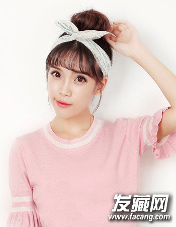 很有个性的一款花苞头盘发发型,甜美的空气刘海与花苞头扎发结合起来,而且搭配上蝴蝶结发饰显露出无比的清甜与时尚来。
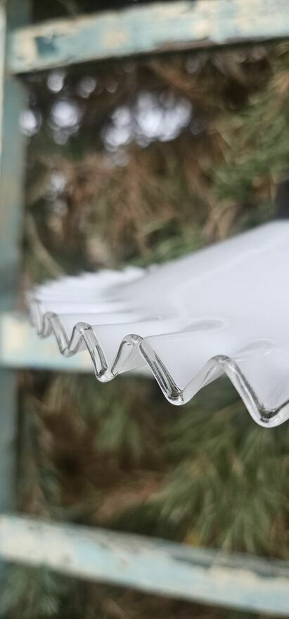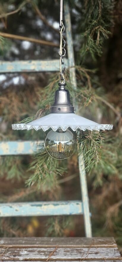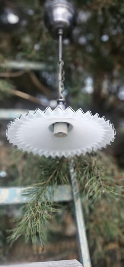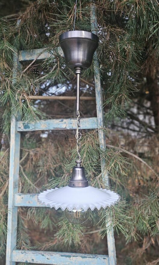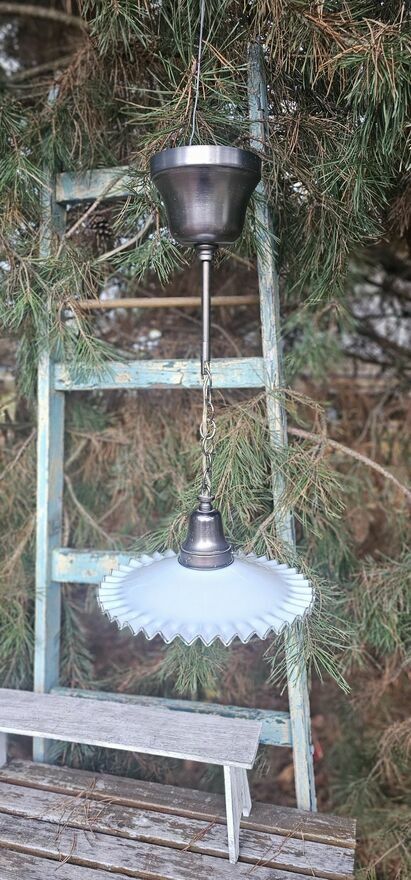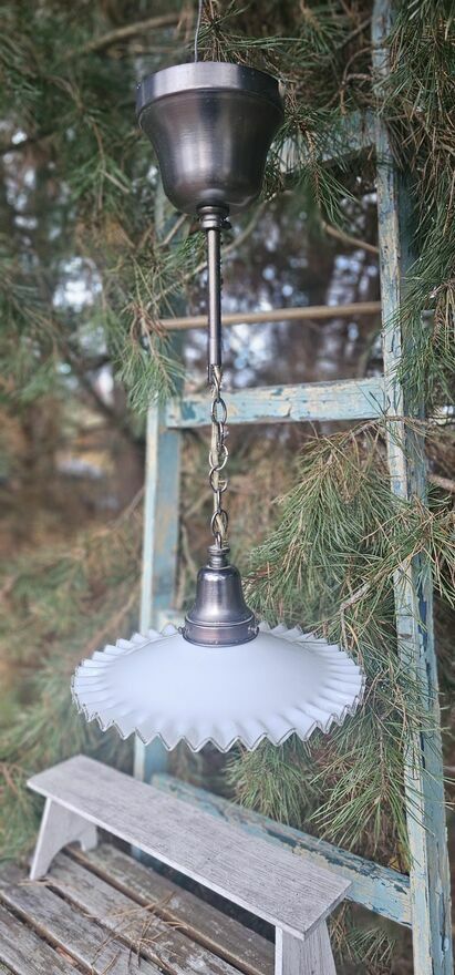Elegancka lampa wisząca o pięknym, szklanym kloszu. Zwis lampy metalowy stylizowany.Średnica klosza 28 cm
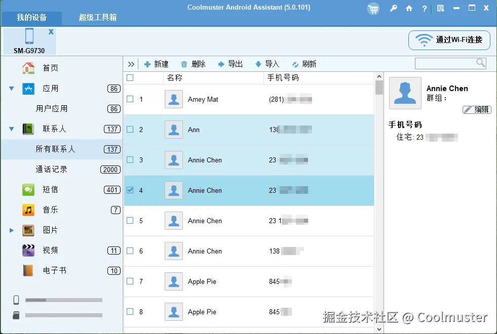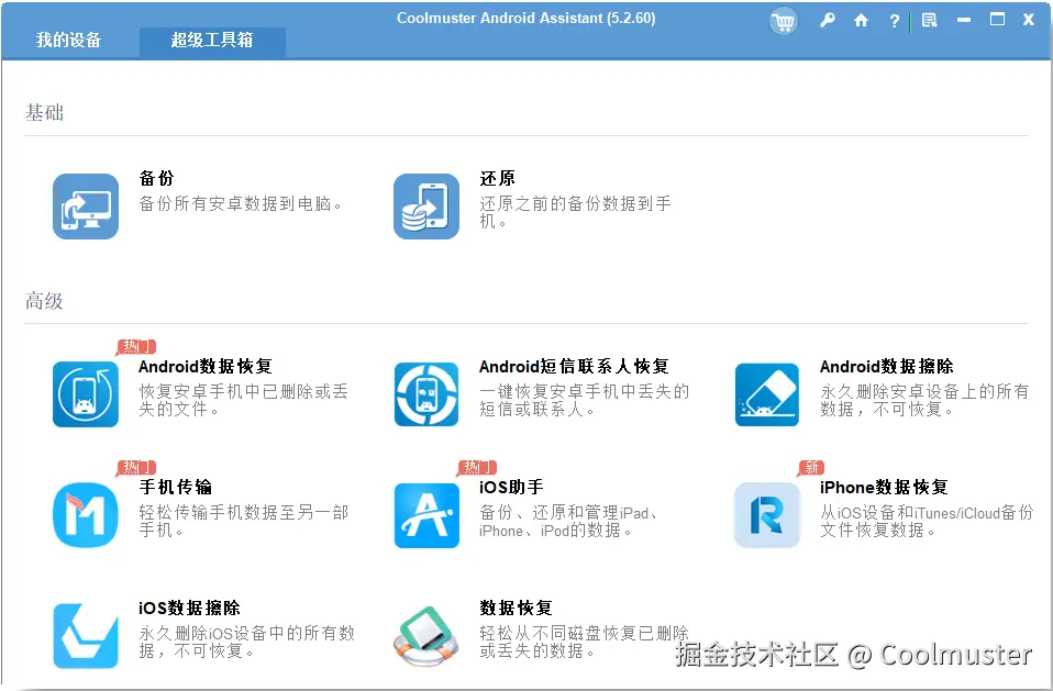 当您寻找用于管理和传输文件的PC版中兴软件时,许多软件都具备基本功能,但如果您有一些定制化的需求呢?在这种情况下,您需要一款移动软件专家——Coolmuster Android Assistant 。为什么说它是专家级工具呢?因为它不仅体积小巧、易于使用,还能根据您的需求进行选择性传输和打包传输。当然,它还拥有许多其他功能。现在就让我们来了解一下吧。
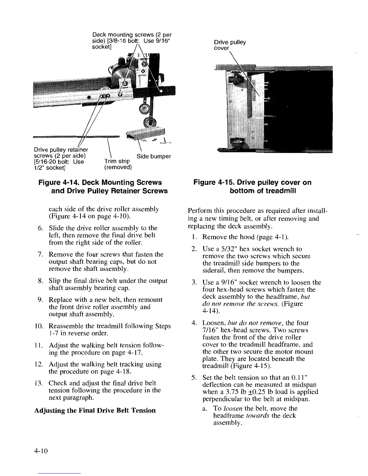 Quinton Q50 - Adjusting the Final Drive Belt Tension; Deck Mounting Screws and Drive Pulley Retainer Screws; Drive Pulley Cover on Bottom of Treadmill
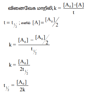 பூஜ்ய வகை வினைக்கான அரைவாழ்காலத்தை நாம் கண்டறிவோம்.

-.-.-

ASSIGNMENT » Take the lines from the one holding "Quinton Q50 - Adjusting" through the final line of the records above and output them exactly, both ends included, excluding pictures.

ANSWER »
 Quinton Q50 - Adjusting the Final Drive Belt Tension; Deck Mounting Screws and Drive Pulley Retainer Screws; Drive Pulley Cover on Bottom of Treadmill
 பூஜ்ய வகை வினைக்கான அரைவாழ்காலத்தை நாம் கண்டறிவோம்.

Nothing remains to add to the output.